Die ddPCR-Technologie basiert auf der Teilung von Nukleinsäure-Proben in zehntausende Mikrotropfen festgelegten Volumens in einer Wasser-Öl-Emulsion. Die Amplifikation der Nukleotidsequenzen wird innerhalb jedes Mikrotropfens per einheitlichem Verfahren durchgeführt und es werden dieselben Reagenzien genutzt, die auch bei einem standardmäßigen probenbasierten TaqMan®-Assay Anwendung finden. Abhängig von der Fluoreszenzdetektion nach der Amplifikation wird jeder Mikrotropfen gezählt und entweder als PCR-positiv oder als PCR-negativ klassifiziert. Die DNA-/RNA-Matrizenkonzentration (Kopien/µl) in der Originalprobe wird mithilfe einer Poisson-Verteilung quantifiziert.1,2
Die ddPCR-Technologie ermöglicht eine absolute Quantifizierung von Nukleotidsequenzen pro Probenvolumen ohne Hochrechnungen aus Standardkurven oder Referenzstandards. Die Technologie kann in sehr geringen Probenvolumen geringe Unterschiede identifizieren, die von der qPCR-Technologie nicht erkannt werden. Die ddPCR-Technologie liefert aufgrund Tausender Datenpunkte pro Probe präzisere und empfindlichere Ergebnisse.
Die ddPCR-Technologie kann alle Arten von DNA- und RNA-Sequenzen identifizieren, für die Primer und Marker entwickelt werden können, einschließlich ctDNA, cfDNA/RNA, mRNA, rRNA, snRNA, snoRNA, miRNA und siRNA.

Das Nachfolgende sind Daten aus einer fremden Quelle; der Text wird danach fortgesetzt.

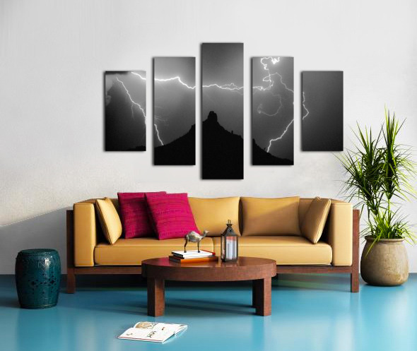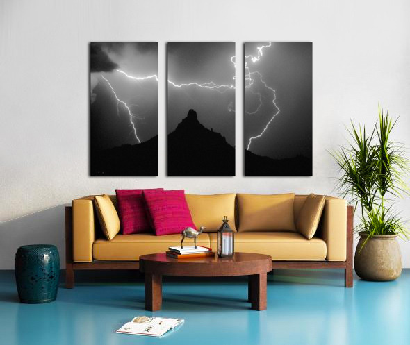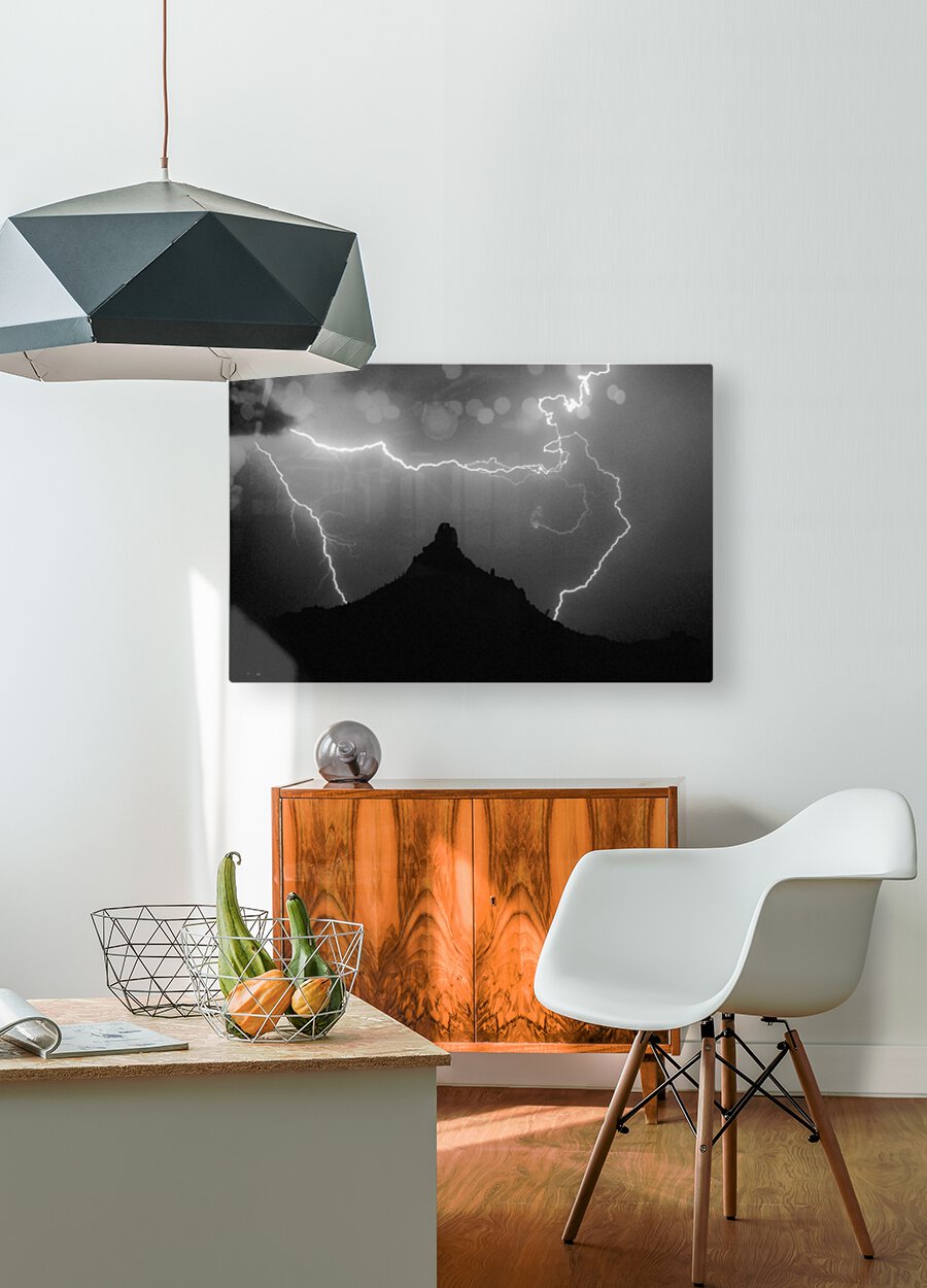 ABOUT THIS ARTWORK: PINNACLE PEAK SURROUNDED BY LIGHTNING BOLTS

Die ddPCR-Technologie kann für jede Probe genutzt werden, die DNA- oder RNA-Sequenzen erhält, beispielsweise Zell- und Gewebelysate, Gewebe, biologische Flüssigkeiten (Blut, Rückenmarksflüssigkeit, Tränen, Urin, Speichel etc.), Zellüberstand oder künstliche Nukleinsäure.
Eine ddPCR-Analyse dauert wie eine qPCR-Analyse üblicherweise ungefähr vier Stunden. Bei der ddPCR-Analyse ist ein zusätzlicher Schritt erforderlich, um die zehntausenden Öl-Mikrotropfen mit einem Volumen im Nanoliterbereich zu erzeugen. Allerdings wird dieser zusätzliche Zeitaufwand durch die Zeitersparnis der vereinfachten digitalen Analyse des ddPCR Reader ausgeglichen.

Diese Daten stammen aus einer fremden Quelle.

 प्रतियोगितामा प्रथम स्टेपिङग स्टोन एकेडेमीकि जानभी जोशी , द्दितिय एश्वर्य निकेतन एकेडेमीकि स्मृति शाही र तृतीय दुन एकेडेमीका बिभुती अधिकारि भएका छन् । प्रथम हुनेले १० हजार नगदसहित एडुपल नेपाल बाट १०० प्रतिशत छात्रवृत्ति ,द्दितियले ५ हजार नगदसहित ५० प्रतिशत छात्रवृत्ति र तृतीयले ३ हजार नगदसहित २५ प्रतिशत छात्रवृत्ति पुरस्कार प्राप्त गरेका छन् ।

Proben extrahierter/isolierter/gereinigter DNA/RNA können mit dem Bio-Rad QX200 ddPCR System direkt analysiert werden. Zellüberstände und Zell-/Gewebelysate erfordern eine Extraktion/Isolation/Reinigung der DNA oder RNA, bevor das ddPCR-Assay durchgeführt werden kann. Um die Sicherheit des Laborpersonals von Labcorp zu gewährleisten, müssen Gewebe, biologische Flüssigkeiten und Zellüberstände zuerst auf Pathogene getestet werden. Darüber hinaus muss für alle menschlichen Materialien (Gewebe oder Körperflüssigkeiten), Mikroorganismen oder Viren, Produkte, die in biologischen Systemen generiert wurden und potenziell Gefahrenstoffen ausgesetzt waren und rekombinanten und/oder künstlichen Nukleinsäuremoleküle ein Registrierungsformular zur Sicherstellung der Biosicherheit ausgefüllt werden und nachfolgend ist eine Zulassung durch das Labcorp PCO Biosafety Committee erforderlich, bevor mit diesen Materialien gearbeitet werden kann.
Falls Sie vor dem Verschicken der Proben zur ddPCR-Analyse keine DNA/RNA extrahieren/isolieren/reinigen, empfiehlt das Labcorp PCO Biosafety Committee, die Nukleinsäuremoleküle in Zell- und Gewebeproben mit einer Konservierungslösung (beispielsweise RNAlater®, DNA/RNA Shield™ oder RNAprotect®) zu schützen/stabilisieren/konservieren, ehe Sie die Proben einfrieren und verschicken.
Alle Proben müssen in einem isolierten Behältnis mit Trockeneis verschickt werden.
1. QX200 Droplet Digital PCR system. BIO-RAD. https://www.bio-rad.com/en-us/life-science/digital-pcr/qx200-droplet-digital-pcr-system.
2. Taylor SC, Laperriere G, Germain H. Droplet Digital PCR versus qPCR for gene expression analysis with low abundant targets: from variable nonsense to publication quality data. Sci Rep. 2017;7:2409. doi:10,1/s41598-017-02217-x.